(Beginning of Information shown)

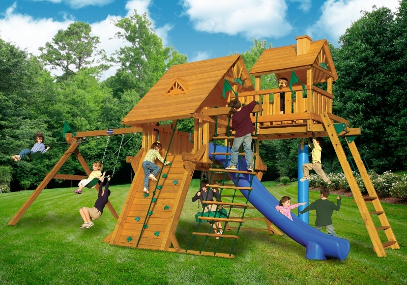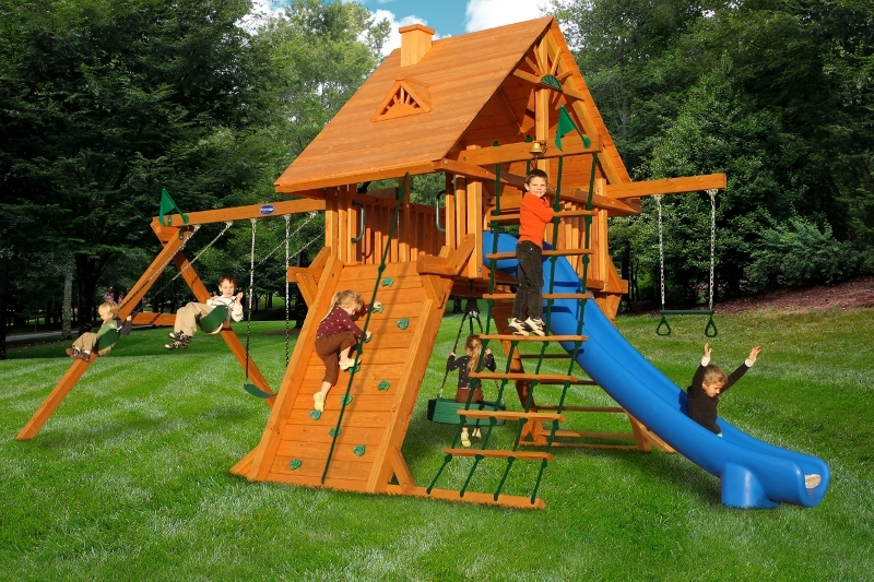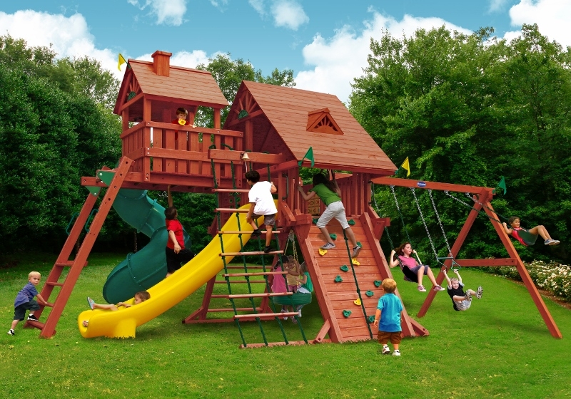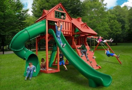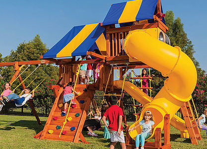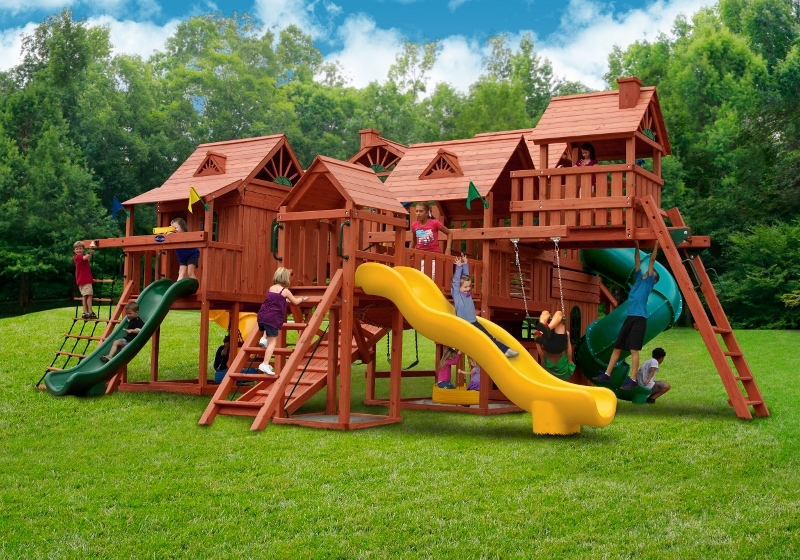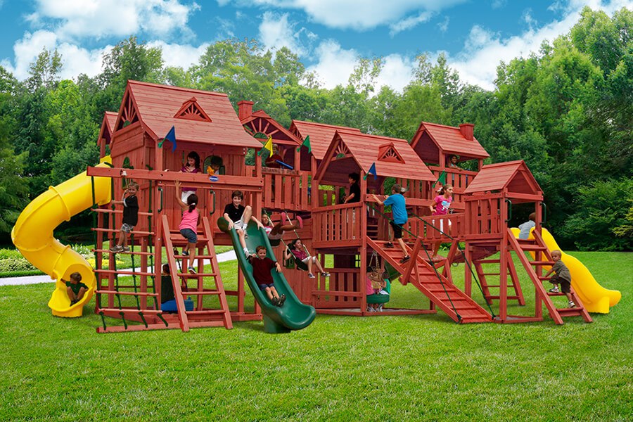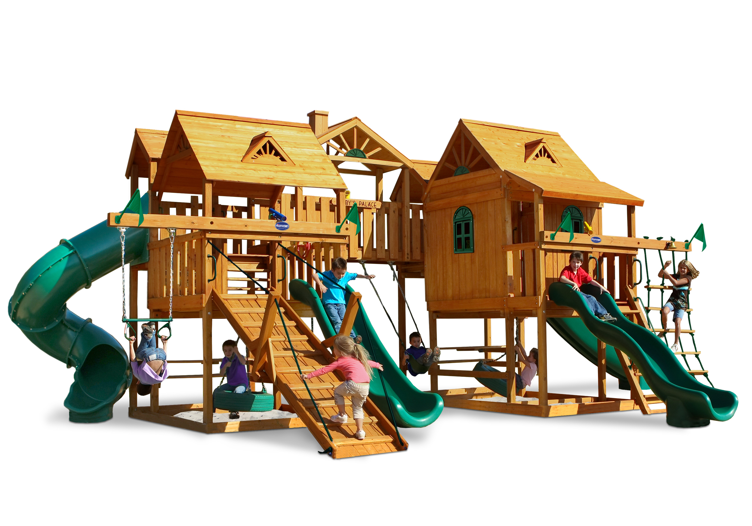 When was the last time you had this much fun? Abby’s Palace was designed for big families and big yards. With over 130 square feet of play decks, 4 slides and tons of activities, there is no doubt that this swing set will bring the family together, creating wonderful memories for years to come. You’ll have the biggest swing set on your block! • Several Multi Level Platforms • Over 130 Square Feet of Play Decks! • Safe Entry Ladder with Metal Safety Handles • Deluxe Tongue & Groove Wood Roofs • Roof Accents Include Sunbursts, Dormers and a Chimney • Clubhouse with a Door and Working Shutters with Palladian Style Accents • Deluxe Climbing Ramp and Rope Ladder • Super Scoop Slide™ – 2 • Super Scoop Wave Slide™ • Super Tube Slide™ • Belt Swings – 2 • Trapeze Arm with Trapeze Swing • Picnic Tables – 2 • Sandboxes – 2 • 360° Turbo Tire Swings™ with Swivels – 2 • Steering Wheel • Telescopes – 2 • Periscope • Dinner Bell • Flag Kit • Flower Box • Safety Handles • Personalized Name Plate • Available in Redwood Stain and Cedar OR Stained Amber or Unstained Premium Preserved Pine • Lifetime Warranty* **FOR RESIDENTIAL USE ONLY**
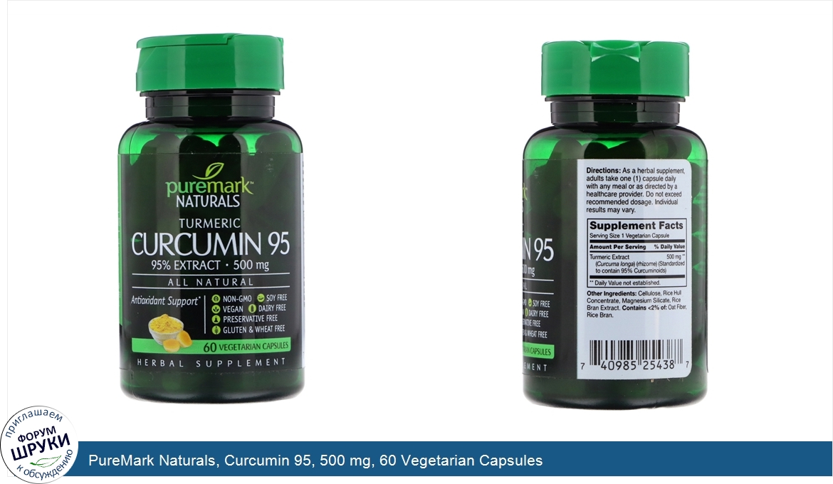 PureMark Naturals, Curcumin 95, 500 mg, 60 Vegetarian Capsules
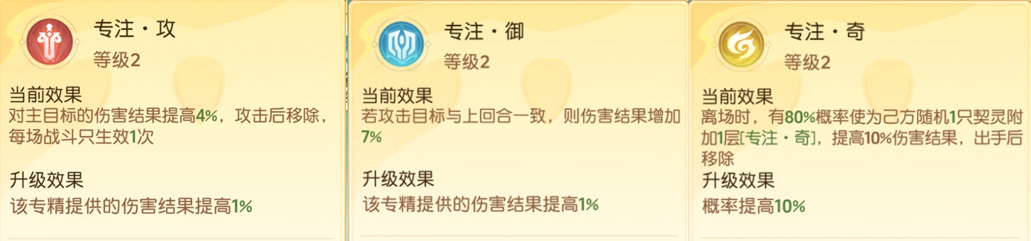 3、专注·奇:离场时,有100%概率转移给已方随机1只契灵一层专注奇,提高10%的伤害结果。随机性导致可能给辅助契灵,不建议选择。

(End of Information shown)

__About this exercise__
Every line of the listing is to be repeated exactly, and the pictures are to be dropped.

__Result of the task__
 When was the last time you had this much fun? Abby’s Palace was designed for big families and big yards. With over 130 square feet of play decks, 4 slides and tons of activities, there is no doubt that this swing set will bring the family together, creating wonderful memories for years to come. You’ll have the biggest swing set on your block! • Several Multi Level Platforms • Over 130 Square Feet of Play Decks! • Safe Entry Ladder with Metal Safety Handles • Deluxe Tongue & Groove Wood Roofs • Roof Accents Include Sunbursts, Dormers and a Chimney • Clubhouse with a Door and Working Shutters with Palladian Style Accents • Deluxe Climbing Ramp and Rope Ladder • Super Scoop Slide™ – 2 • Super Scoop Wave Slide™ • Super Tube Slide™ • Belt Swings – 2 • Trapeze Arm with Trapeze Swing • Picnic Tables – 2 • Sandboxes – 2 • 360° Turbo Tire Swings™ with Swivels – 2 • Steering Wheel • Telescopes – 2 • Periscope • Dinner Bell • Flag Kit • Flower Box • Safety Handles • Personalized Name Plate • Available in Redwood Stain and Cedar OR Stained Amber or Unstained Premium Preserved Pine • Lifetime Warranty* **FOR RESIDENTIAL USE ONLY**
 PureMark Naturals, Curcumin 95, 500 mg, 60 Vegetarian Capsules
 3、专注·奇:离场时,有100%概率转移给已方随机1只契灵一层专注奇,提高10%的伤害结果。随机性导致可能给辅助契灵,不建议选择。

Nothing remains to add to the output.